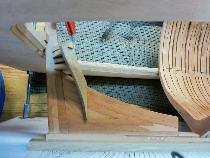 Het volgende is namelijk aan de hand.... Voor de boeg heb ik destijds besloten om vanaf spant 10, naar de scheg toe, beide zijden dicht te bouwen. Je kunt dan schuin naar voren in de boeg kijken en daardoor kan ik de 'Luizenplecht', enz. geheel afbouwen. Dezelfde discussie speelt nu ook aan de achterzijde. Ik moet nu onderhand beslissen wat ik laat zien en vanaf welk punt je schuin naar binnen/achteren kunt kijken en een mooi beeld blijft hebben.
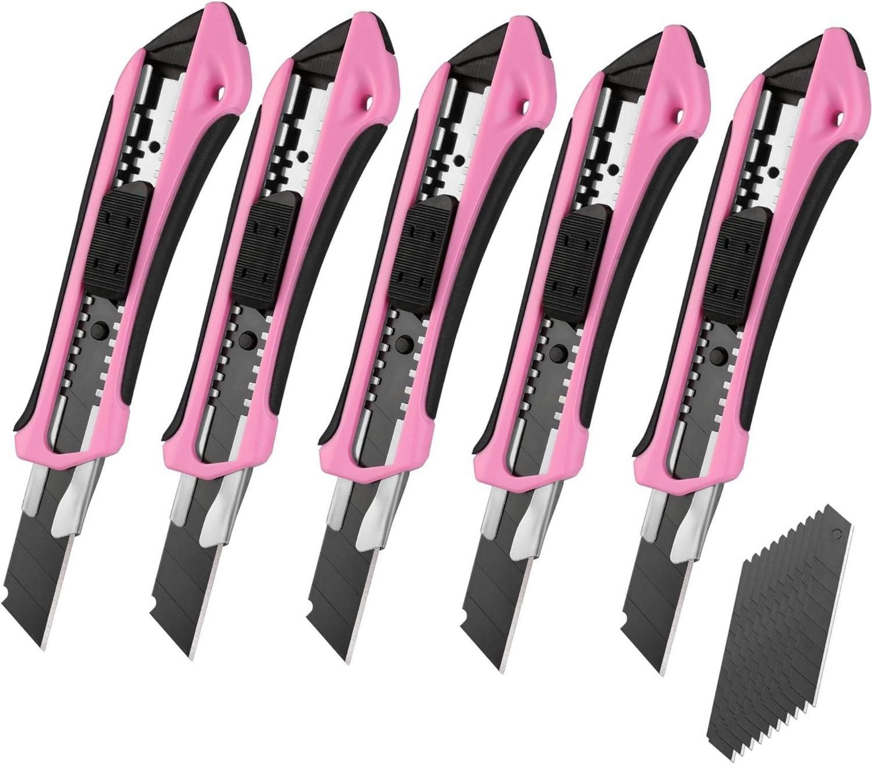 Der ergonomische Griff in rosafarbenem ABS und schwarzer TPR-Beschichtung bietet nicht nur Stil, sondern auch Komfort und Kontrolle während des Schneidens. Das Messer ist kompakt und leicht, was es ideal für den täglichen Gebrauch macht. Dank des Lochs am Ende des Griffs können Sie das Cuttermesser bequem aufhängen und haben es immer griffbereit.
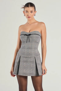 Adorable Factor Plaid Strapless Drop Waist Romper Adorable Factor Plaid Strapless Drop Waist RomperLevel up your style with this plaid strapless drop waist romper. Featuring a sweetheart neckline, bow trim, and pleated overlay, it's your go-to for flirty vibes and fun times! Fit & Features - Plaid knit fabric
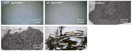 The self-sensing UHPC composite mixture used in this study includes commercially available Ductal® UHPC premix powder, alumina cement (AC—also known as calcium aluminate cement) powder that contains a high concentration of aluminate phases, specifically calcium aluminate (CaAl2O4), monocalcium aluminate (CaAl2O4), dicalcium aluminate (CaAl4O7), along with mayenite (Ca12Al14O33) and ferrite phases (CaAlFeO4), G, MCMF, CCMF, water, and HRWR (MasterGlenium 7920). Figure 2 presents magnified images of these solid components, while their material properties, including density, conductivity, and aspect ratio, are detailed in Table 3.
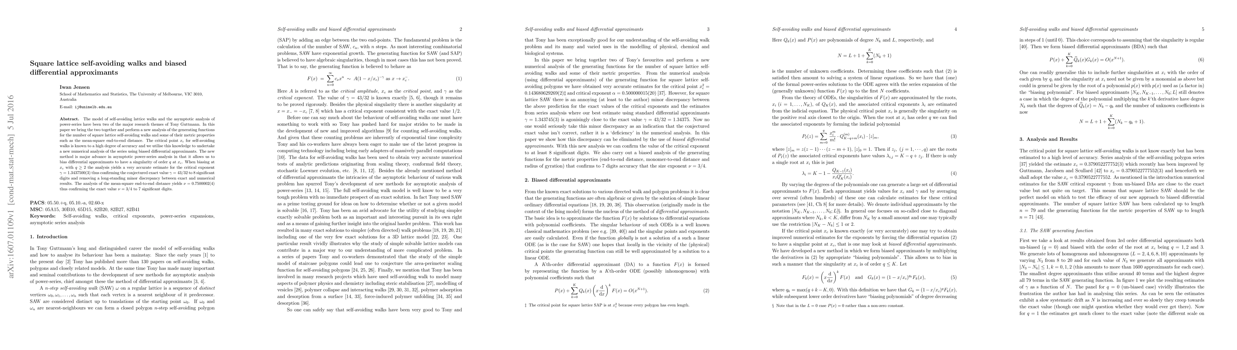 This paper combines self-avoiding lattice walks and asymptotic power-series analysis, utilizing biased differential approximants to achieve highly accurate estimates for critical exponents and mean-square end-to-end distances, confirming long-standing conjectures with 8 and 7 significant digits respectively.
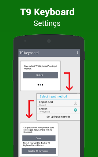 You can use this easy T9 typing keyboard to write in T9 text. No need to copy and paste T9 text. The best T9 keyboard for Android will allow you to write in an T9 language. Now any one can compose T9 emails, post on Social Media and write messages through English to T9 Keyboard.
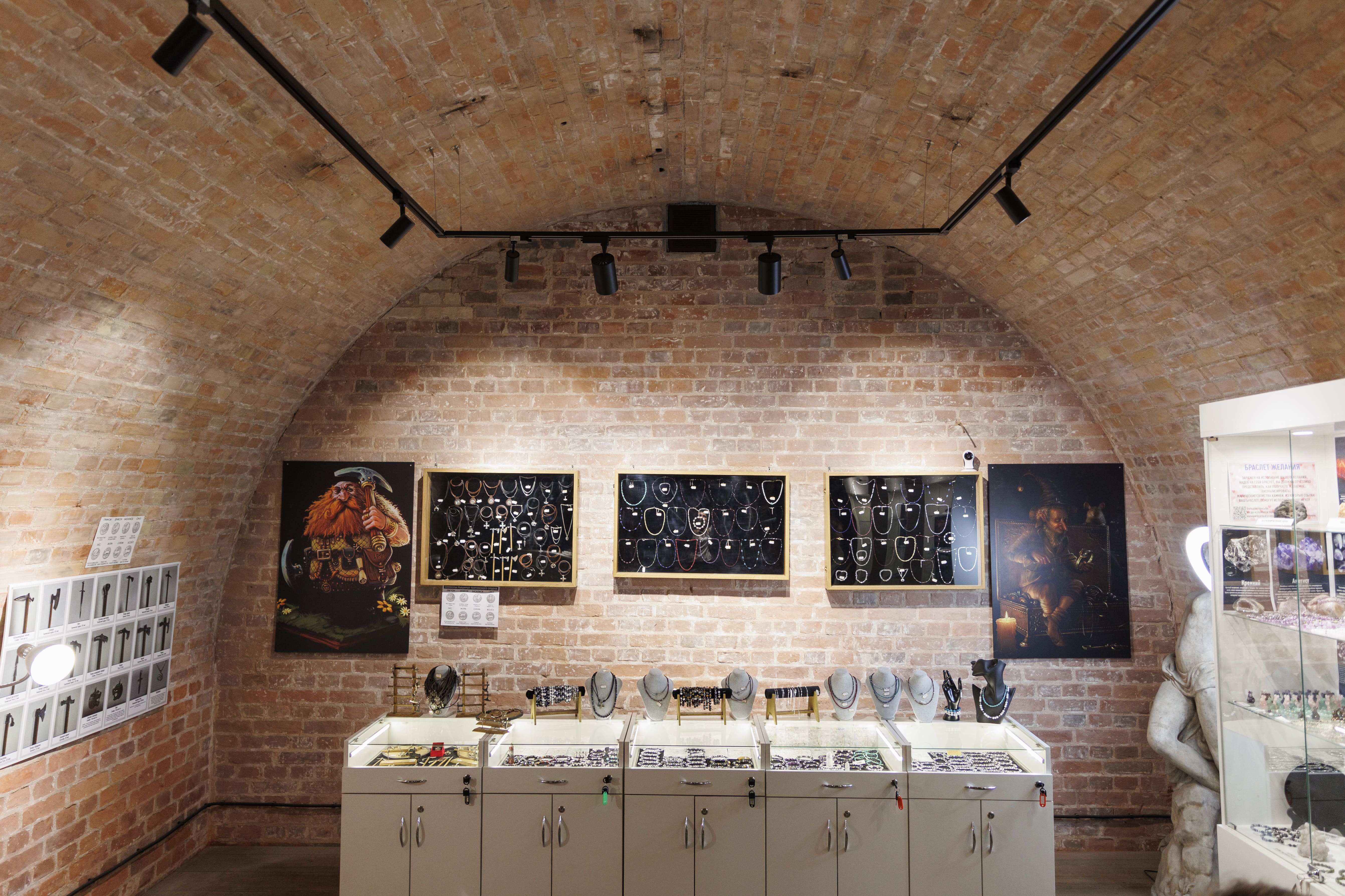 The black tracks themselves, which are suspended from the vaulted ceilings using cables, echo the metal grilles, merging into the overall pattern. ZEUS luminaires have a simple black cylindrical body and do not attract unnecessary attention. At the same time, they have a variable angle of the light beam (from 20° to 60°) and rotatable housing. This allows you to customize lighting scenarios for different expositions, avoid unnecessary backlighting, preserving the mysterious twilight in the rooms.
· · · · ·
● **WHAT THE TASK REQUIRES**:
Transcribe every entry word for word, but omit the pictures.

● **TASK SOLUTION**:
 Het volgende is namelijk aan de hand.... Voor de boeg heb ik destijds besloten om vanaf spant 10, naar de scheg toe, beide zijden dicht te bouwen. Je kunt dan schuin naar voren in de boeg kijken en daardoor kan ik de 'Luizenplecht', enz. geheel afbouwen. Dezelfde discussie speelt nu ook aan de achterzijde. Ik moet nu onderhand beslissen wat ik laat zien en vanaf welk punt je schuin naar binnen/achteren kunt kijken en een mooi beeld blijft hebben.
 Der ergonomische Griff in rosafarbenem ABS und schwarzer TPR-Beschichtung bietet nicht nur Stil, sondern auch Komfort und Kontrolle während des Schneidens. Das Messer ist kompakt und leicht, was es ideal für den täglichen Gebrauch macht. Dank des Lochs am Ende des Griffs können Sie das Cuttermesser bequem aufhängen und haben es immer griffbereit.
 Adorable Factor Plaid Strapless Drop Waist Romper Adorable Factor Plaid Strapless Drop Waist RomperLevel up your style with this plaid strapless drop waist romper. Featuring a sweetheart neckline, bow trim, and pleated overlay, it's your go-to for flirty vibes and fun times! Fit & Features - Plaid knit fabric
 The self-sensing UHPC composite mixture used in this study includes commercially available Ductal® UHPC premix powder, alumina cement (AC—also known as calcium aluminate cement) powder that contains a high concentration of aluminate phases, specifically calcium aluminate (CaAl2O4), monocalcium aluminate (CaAl2O4), dicalcium aluminate (CaAl4O7), along with mayenite (Ca12Al14O33) and ferrite phases (CaAlFeO4), G, MCMF, CCMF, water, and HRWR (MasterGlenium 7920). Figure 2 presents magnified images of these solid components, while their material properties, including density, conductivity, and aspect ratio, are detailed in Table 3.
 This paper combines self-avoiding lattice walks and asymptotic power-series analysis, utilizing biased differential approximants to achieve highly accurate estimates for critical exponents and mean-square end-to-end distances, confirming long-standing conjectures with 8 and 7 significant digits respectively.
 You can use this easy T9 typing keyboard to write in T9 text. No need to copy and paste T9 text. The best T9 keyboard for Android will allow you to write in an T9 language. Now any one can compose T9 emails, post on Social Media and write messages through English to T9 Keyboard.
 The black tracks themselves, which are suspended from the vaulted ceilings using cables, echo the metal grilles, merging into the overall pattern. ZEUS luminaires have a simple black cylindrical body and do not attract unnecessary attention. At the same time, they have a variable angle of the light beam (from 20° to 60°) and rotatable housing. This allows you to customize lighting scenarios for different expositions, avoid unnecessary backlighting, preserving the mysterious twilight in the rooms.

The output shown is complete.